OPTICS parallelism

1.4k Views Asked by At

I have the following script (optics.py) to estimate clustering with precomuted distances:

from sklearn.cluster import OPTICS
import numpy as np

distances = np.load(r'distances.npy')
clust = OPTICS(metric='precomputed', n_jobs=-1)
clust = clust.fit(distances)

Looking at htop results I can see that only one CPU core is used

enter image description here

despite the fact scikit runs clustering in multiple processes:

enter image description here

Why n_jobs=-1 has not resulted in using all the CPU cores?

3

There are 3 best solutions below

0
Dmitrii Rashchenko On BEST ANSWER

I also face this problem. According to some papers (for example this, see abstract), OPTICS is known as challenging to do it in parallel because of its sequential nature. So, probably, sklearn tries to use all cores when you use n_jobs=-1, but there is nothing to run on extra cores.

Probably you should consider other clustering algorithms, which are more parallelism-friendly, for example @paul-brodersen in comments suggests to use HDBSCAN. But it seems that sklearn does not have such parallel alternative for optics, so you need to use other packages.

0
anactualtoaster On

Both OPTICS and HDBSCAN suffer from a lack of parallelization. They both are sequential in nature and thus can't be passed onto a simple joblib.Parallel like DBSCAN can.

If you're looking to improve speed, one of the benefits with HDBSCAN is the ability to create an inference model that you can use to make predictions without having to run the whole cluster again. That's what I use to avoid having to run a very slow cluster operation every time I need to classify my data.

1
Shane Grigsby On

I'm the primary author of the sklearn OPTICS module. Parallelism is difficult because there is an ordering loop which cannot be run in parallel; that said, the most computationally intensive task is distance calculations, and these can be run in parallel. More specifically, sklearn OPTICS calculates the upper triangle distance matrix one row at a time, starting with 'n' distance lookups, and decreasing to 'n-1, n-2' lookups for a total of n-squared / 2 distance calculations... the problem is that parallelism in sklearn is generally handled by joblib, which uses processes (not threads), which have rather high overhead for creation and destruction when used in a loop. (i.e., you create and destroy the process workers per row as you loop through the data set, and 'n' setup/teardowns of processes has more overhead then the parallelism benefit you get from joblib--this is why njobs is disabled for OPTICS)

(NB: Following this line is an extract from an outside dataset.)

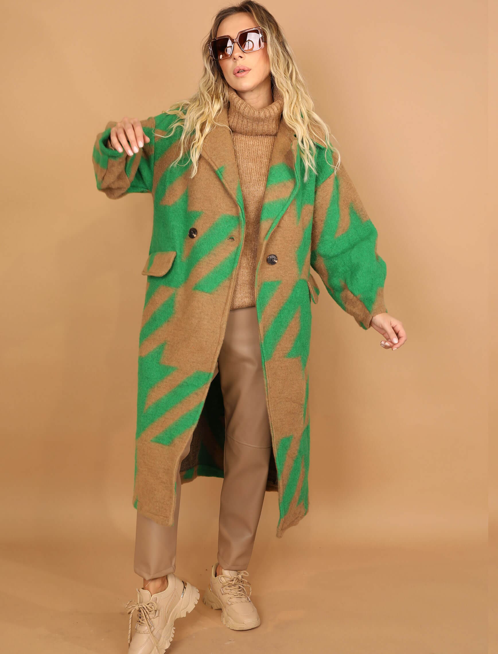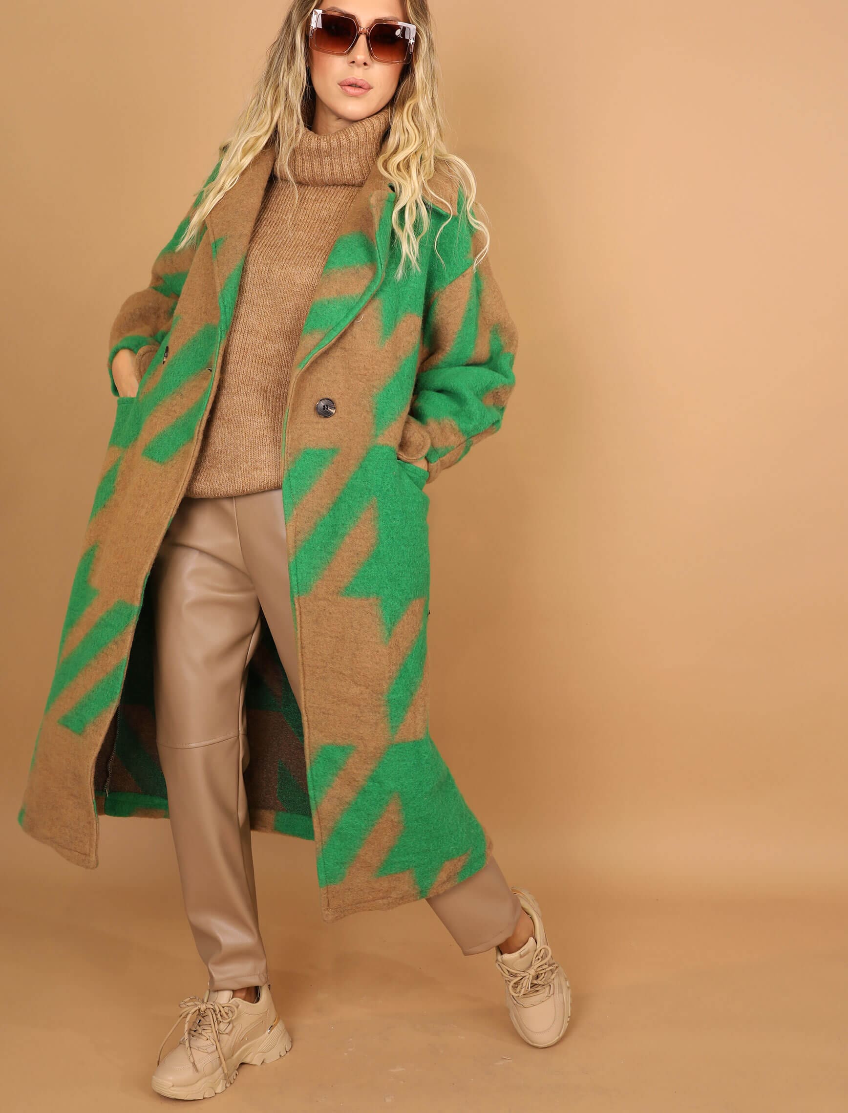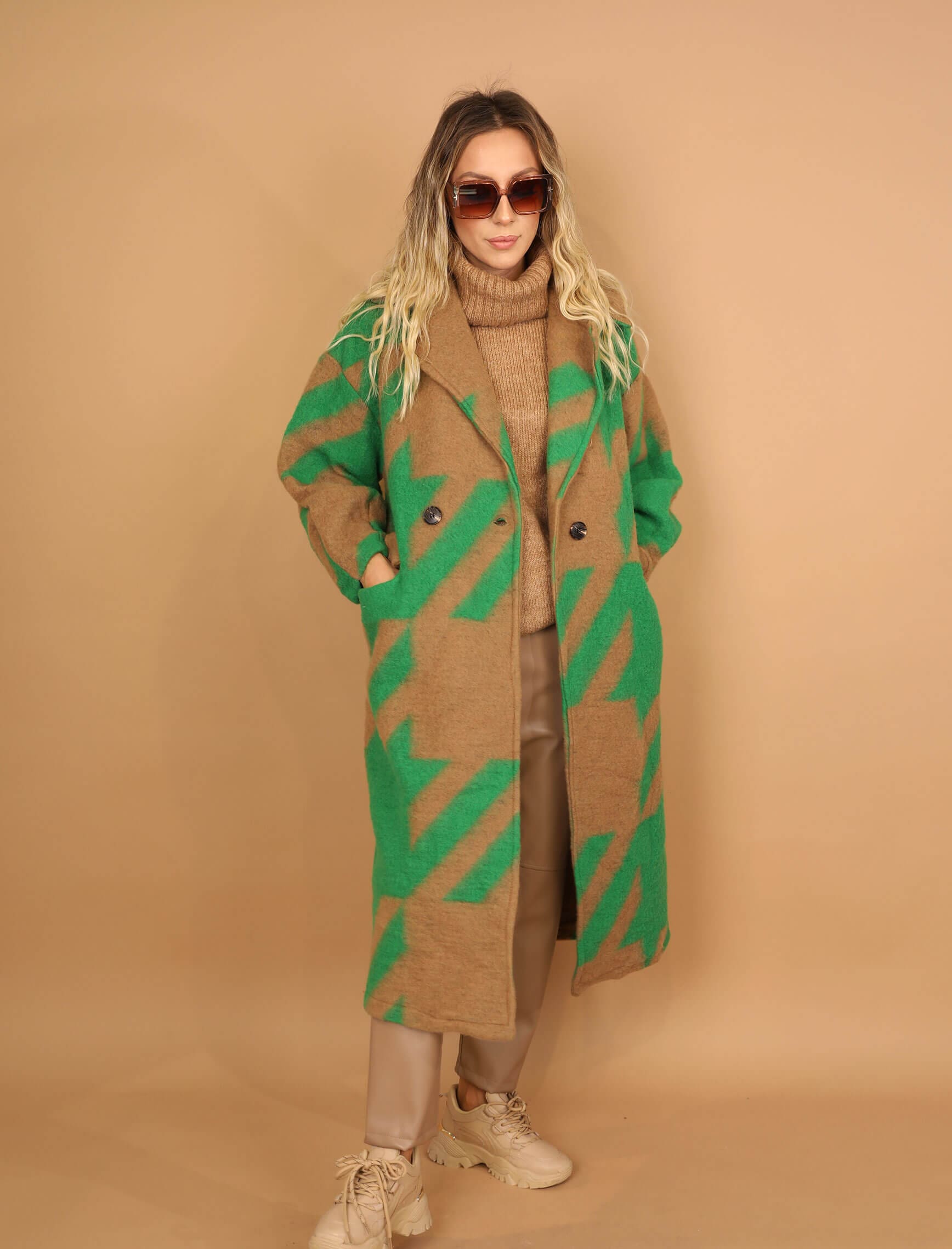 Yeşil Vizon Kaz Ayağı Keçe Kaban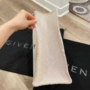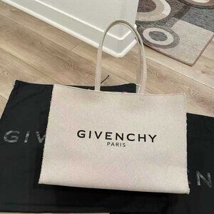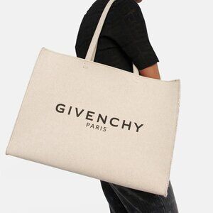 For a spacious bag that's also big on style, look to the G Large tote bag from Givenchy. It's crafted from structured cotton canvas with contrast logo lettering, top handles and frayed edges.

The best way to 'force' parallelism in OPTICS is probably to define a custom distance metric that runs in parallel-- see this post for a good example of this:

https://medium.com/aspectum/acceleration-for-the-nearest-neighbor-search-on-earths-surface-using-python-513fc75984aa

One of the example's above actually forces the distance calculation onto a GPU, but still uses sklearn for the algorithm execution.